Q&A with With Wil Haygood, Author of The Butler: Witness to History
It’s not every day that a newspaper article sparks a Hollywood movie starring Oprah Winfrey and Forest Whitaker.
But Wil Haygood’s 2008 Washington Post article about White House butler Eugene Allen wasn’t just any article.
{mosads}Haygood has expanded his feature on Allen — who had a front row seat to the evolving civil rights movement as he served every president from Eisenhower to Reagan — into a book titled The Butler.
It offers an extended look at Allen’s story and a forward by Lee Daniels, who directed the film based on Allen’s life starring Winfrey and Whitaker. It arrives in theaters on Aug. 16.
Haygood, who will sign copies of the book at Politics & Prose at 7 p.m. Tuesday, spoke to The Hill about how he found Allen and told his incredible story.
Q: So many people read your article in The Washington Post. What can we expect more of in the book?
The book is a much more in-depth look at the life of Eugene and Helene Allen. It also is a historical retrospective of the history of blacks in American cinema. It also has much more about certain presidents who Eugene and Helene Allen worked for and their battles with civil rights inside the White House. …
I think it’s quite astonishing that Mr. Eugene Allen was in the White House on the day that the high school students in Little Rock, Ark., were pelted with rocks — the black students that tried to integrate Little Rock Central High School. … He was in the White House the day that the voting rights activist, Medgar Evers, was murdered in the driveway of his Jackson, Miss., home. He heard the echoes of that as that news reached the White House. He was there on the day that Martin Luther King was assassinated. He heard the echoes of all that.
He was in the White House the day that President Kennedy was assassinated in Dallas. And he was heartbroken, like people were everywhere in the nation, and he went home that evening, and he couldn’t sleep. He rose, in darkness and left his home about 3 a.m. to go back to the White House because he wanted to be there to check in on the first family.
Q: How did you find Eugene Allen to tell his story?
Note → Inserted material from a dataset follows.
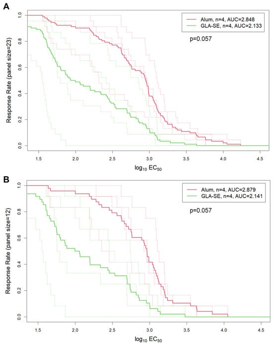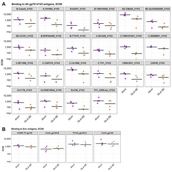 BAMA data for serum samples from 2 weeks post the last immunization showed that all four macaques in the alum group developed V1V2-specific responses against all 22 cross-subtype V1V2 scaffolds in the assay (Figure 7A). Meanwhile, the four macaques in the GLA-SE group also developed positive responses against 16 out of the 22 V1V2 scaffolds. Interestingly, even though the overall binding magnitudes to the gp120 and gp140 Env proteins tested were similar between the two study groups (Figure 7B), the alum group showed a consistent trend of a higher magnitude of binding to V1V2 scaffolds and Tags compared to the GLA-SE group (p < 0.05 for seven out of twenty-seven V1V2 analytes) (Figure 7A; Table S1A). The magnitude–breadth of binding to V1V2 scaffolds trended higher for the alum group compared to the GLA-SE group (Figure 8).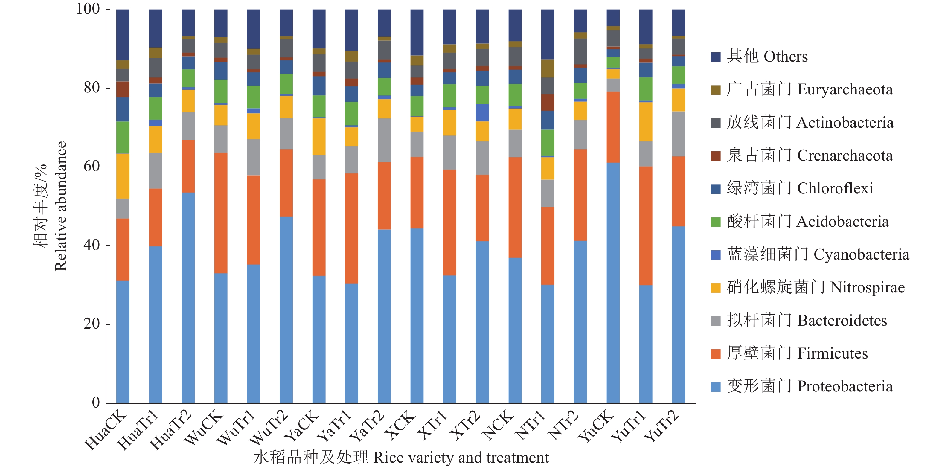选用Shannon指数、Simpson指数比较菌群中优势种种类的丰富程度,反映细菌群落多样性,选用Chao1指数和ACE指数反映细菌群落的数量丰富度。由表1可知,Shannon指数的范围是6.708~9.706,Simpson指数的范围是0.919~0.995,Chao1指数的范围是3024.949~4746.209,ACE指数的范围是3169.582~4339.961。Tr1、Tr2处理均显著提高了品种Yu的细菌群落多样性(P<0.05),但Tr1、Tr2之间差异不显著。Tr2处理显著提高水稻品种Yu的细菌群落丰富度(P<0.05)。Tr1处理显著提高了水稻品种Hua的细菌群落丰富度(P<0.05)。水稻品种Yu在CK处理时细菌群落多样性显著低于其他品种(P<0.05),但Tr2处理时水稻品种Yu的细菌群落丰富度显著高于品种Hua、Wu和N(P<0.05)。

I had been on the Obama campaign trail in 2008 as a reporter for The Washington Post, and I was at a rally, and I saw some young ladies, and they were crying, and they happened to have been white. And I asked them, if anything was wrong, and if I could help, and they said they were distraught because they supported this candidate, and their white father had stopped talking to them because they supported this candidate.
At that point, I told myself that Obama was going to win. … So I started this nationwide search. I said to myself, and I looked everywhere, all over the country. North, South, East, West, Midwest, and one source led me to another and led me to another, and finally I was led to Mr. Allen.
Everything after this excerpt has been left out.